This morning Treasury Prime, a banking-as-a-service startup that delivers its product via APIs, announced that it has closed a $20 million Series B. The capital comes around a year since the startup announced its Series A, and around 1.5 years since it raised its preceding round.
For Treasury Prime, the new capital was an internal affair, with prior investors stepping up to lead its new round of funding. Deciens Capital and QED Investors co-led the round, with Susa Ventures and SaaStr Fund also putting cash into the transaction.
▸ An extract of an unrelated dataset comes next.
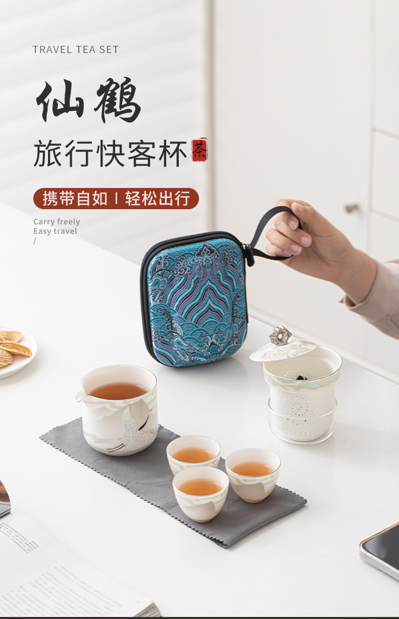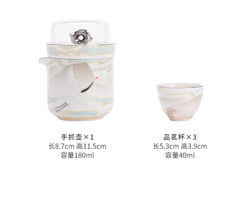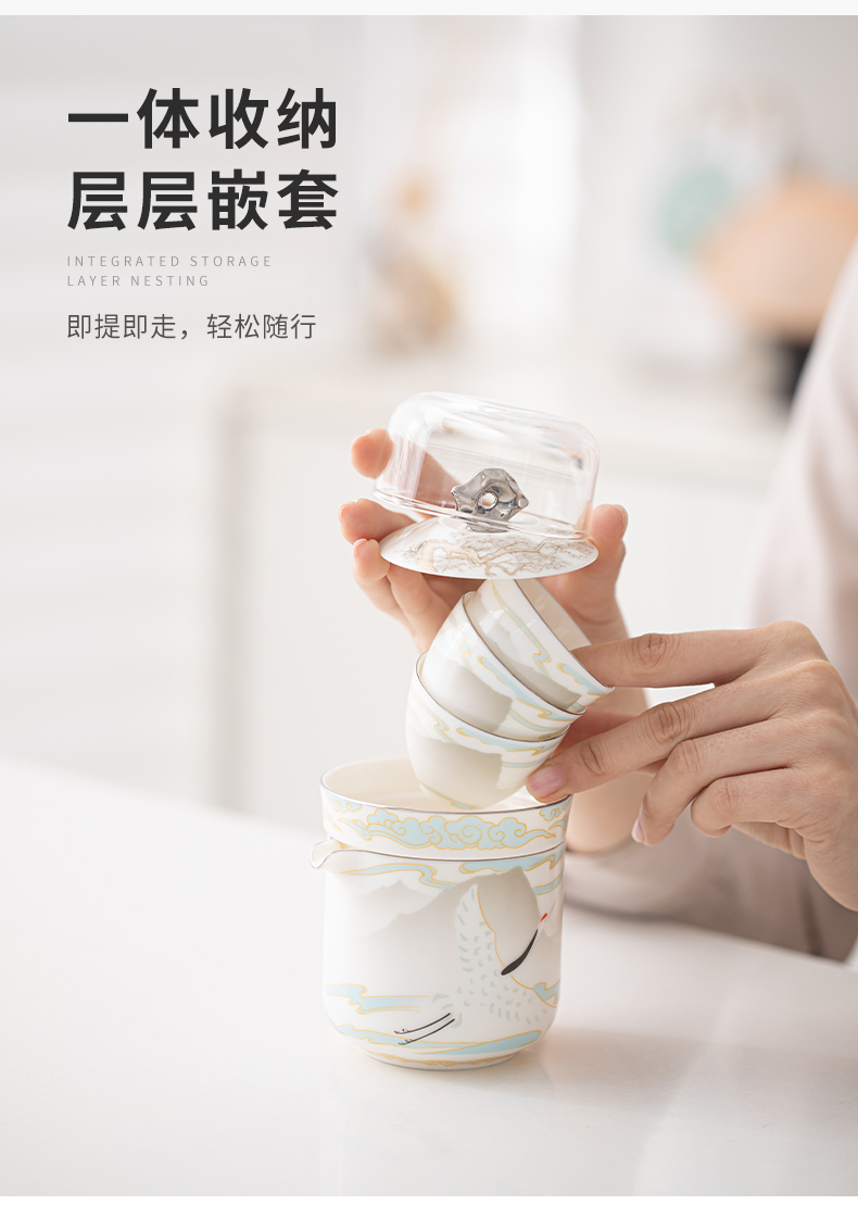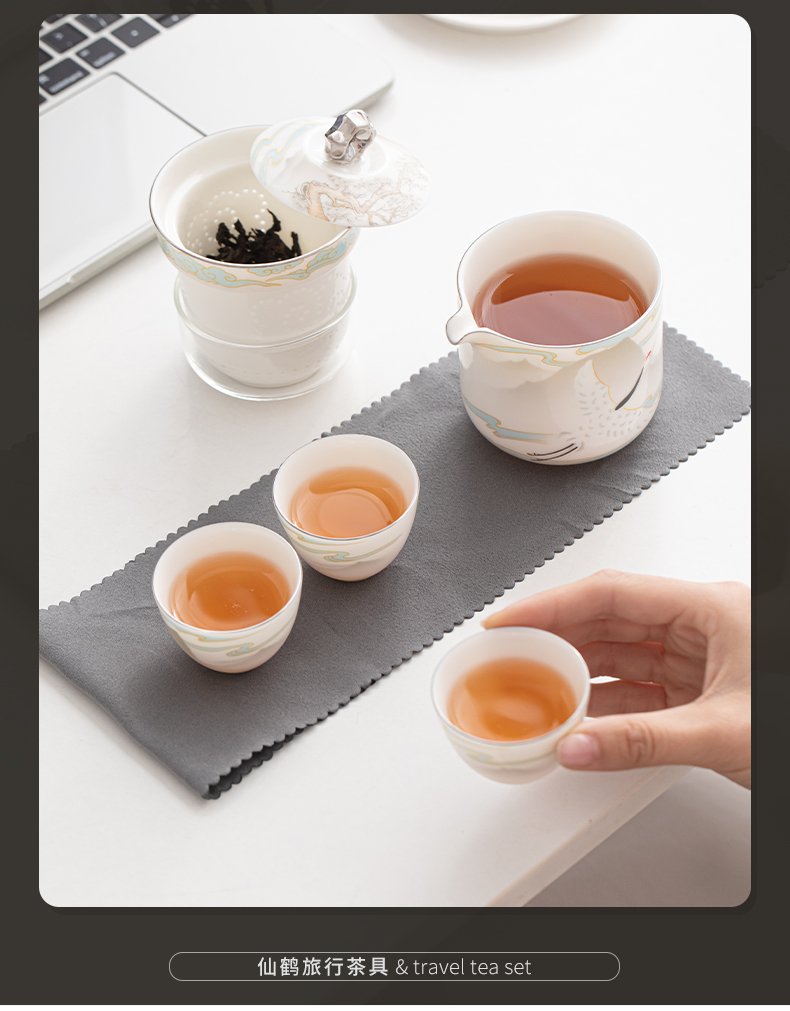 苏氏陶瓷(SUSHI CERAMICS) 白瓷仙鹤旅行茶具 J1189 小套装*4头 白色(单位:套)

As is increasingly common among insider-led fundraises in recent years, the startup in question was not in dire need of new funding before the new investment came together. In fact, Treasury Prime CEO Chris Dean told TechCrunch that his firm is “super capital efficient” in an interview, adding that it had not tucked into its Series A capital until January of this year.
So, why raise more funds now? To invest aggressively in its business. That plan is cliche for a startup raising new funding, but in the case of Treasury Prime the move isn’t in anticipation of future demand. Dean told TechCrunch that his startups had run into a bottleneck in which it could only take on so much new customer volume. That’s no good for a startup in a competitive sector, so picking up its spend in early 2021 and raising new capital in mid-2021 makes sense as it could help it hire, and absorb more demand, more (Read more...)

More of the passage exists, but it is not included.